(What you should do):
Each line below must be transcribed exactly, and no picture may appear in the transcription.

[Stored items]
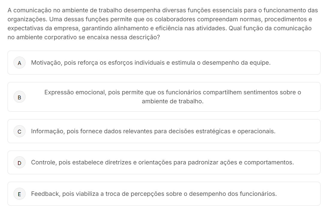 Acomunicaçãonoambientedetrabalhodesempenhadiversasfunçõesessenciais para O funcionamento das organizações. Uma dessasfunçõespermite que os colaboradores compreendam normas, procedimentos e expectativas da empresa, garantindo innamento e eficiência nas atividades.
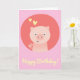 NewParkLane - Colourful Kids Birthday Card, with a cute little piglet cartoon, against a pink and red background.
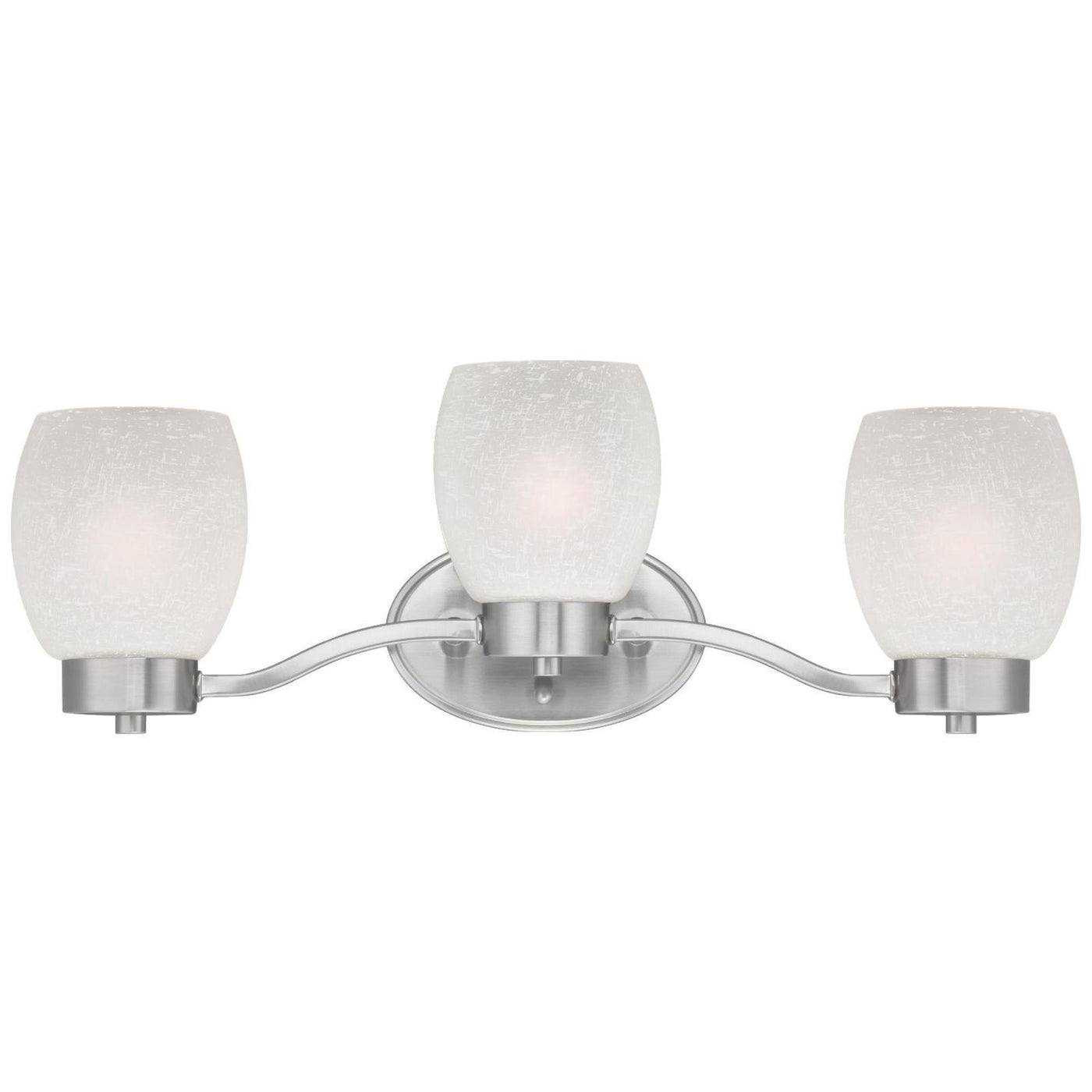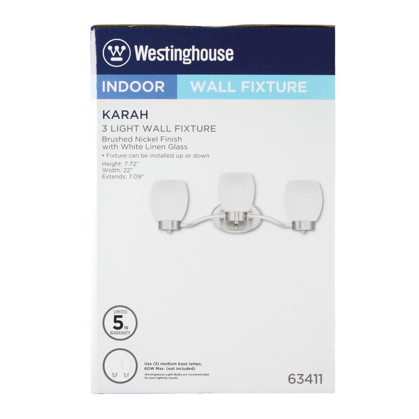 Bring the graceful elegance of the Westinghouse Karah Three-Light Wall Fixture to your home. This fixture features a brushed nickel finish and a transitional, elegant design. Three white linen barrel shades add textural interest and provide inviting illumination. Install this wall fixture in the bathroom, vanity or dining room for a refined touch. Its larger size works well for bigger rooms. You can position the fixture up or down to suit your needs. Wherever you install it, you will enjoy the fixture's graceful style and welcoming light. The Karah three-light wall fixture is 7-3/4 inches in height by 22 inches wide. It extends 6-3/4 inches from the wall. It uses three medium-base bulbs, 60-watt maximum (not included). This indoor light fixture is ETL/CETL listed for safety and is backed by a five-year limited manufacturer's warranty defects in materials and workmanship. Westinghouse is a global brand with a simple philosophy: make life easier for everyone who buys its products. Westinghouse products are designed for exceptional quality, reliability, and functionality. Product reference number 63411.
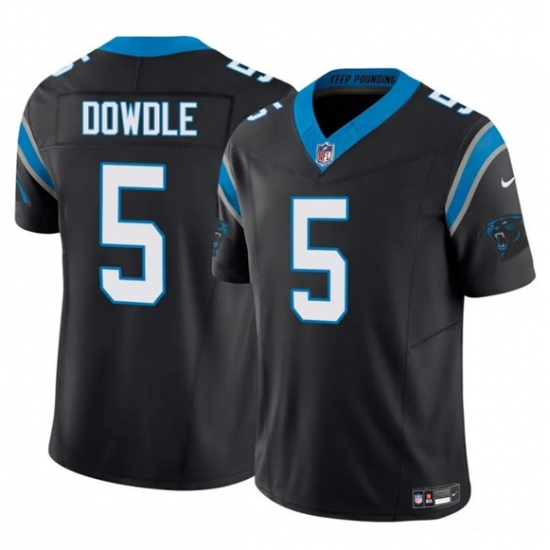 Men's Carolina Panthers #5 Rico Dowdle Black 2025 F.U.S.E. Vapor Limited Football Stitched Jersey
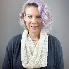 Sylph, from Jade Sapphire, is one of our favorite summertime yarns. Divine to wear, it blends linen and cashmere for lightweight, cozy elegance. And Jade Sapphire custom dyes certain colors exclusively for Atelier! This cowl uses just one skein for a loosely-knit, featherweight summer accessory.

(Completed task):
 Acomunicaçãonoambientedetrabalhodesempenhadiversasfunçõesessenciais para O funcionamento das organizações. Uma dessasfunçõespermite que os colaboradores compreendam normas, procedimentos e expectativas da empresa, garantindo innamento e eficiência nas atividades.
 NewParkLane - Colourful Kids Birthday Card, with a cute little piglet cartoon, against a pink and red background.
 Bring the graceful elegance of the Westinghouse Karah Three-Light Wall Fixture to your home. This fixture features a brushed nickel finish and a transitional, elegant design. Three white linen barrel shades add textural interest and provide inviting illumination. Install this wall fixture in the bathroom, vanity or dining room for a refined touch. Its larger size works well for bigger rooms. You can position the fixture up or down to suit your needs. Wherever you install it, you will enjoy the fixture's graceful style and welcoming light. The Karah three-light wall fixture is 7-3/4 inches in height by 22 inches wide. It extends 6-3/4 inches from the wall. It uses three medium-base bulbs, 60-watt maximum (not included). This indoor light fixture is ETL/CETL listed for safety and is backed by a five-year limited manufacturer's warranty defects in materials and workmanship. Westinghouse is a global brand with a simple philosophy: make life easier for everyone who buys its products. Westinghouse products are designed for exceptional quality, reliability, and functionality. Product reference number 63411.
 Men's Carolina Panthers #5 Rico Dowdle Black 2025 F.U.S.E. Vapor Limited Football Stitched Jersey
 Sylph, from Jade Sapphire, is one of our favorite summertime yarns. Divine to wear, it blends linen and cashmere for lightweight, cozy elegance. And Jade Sapphire custom dyes certain colors exclusively for Atelier! This cowl uses just one skein for a loosely-knit, featherweight summer accessory.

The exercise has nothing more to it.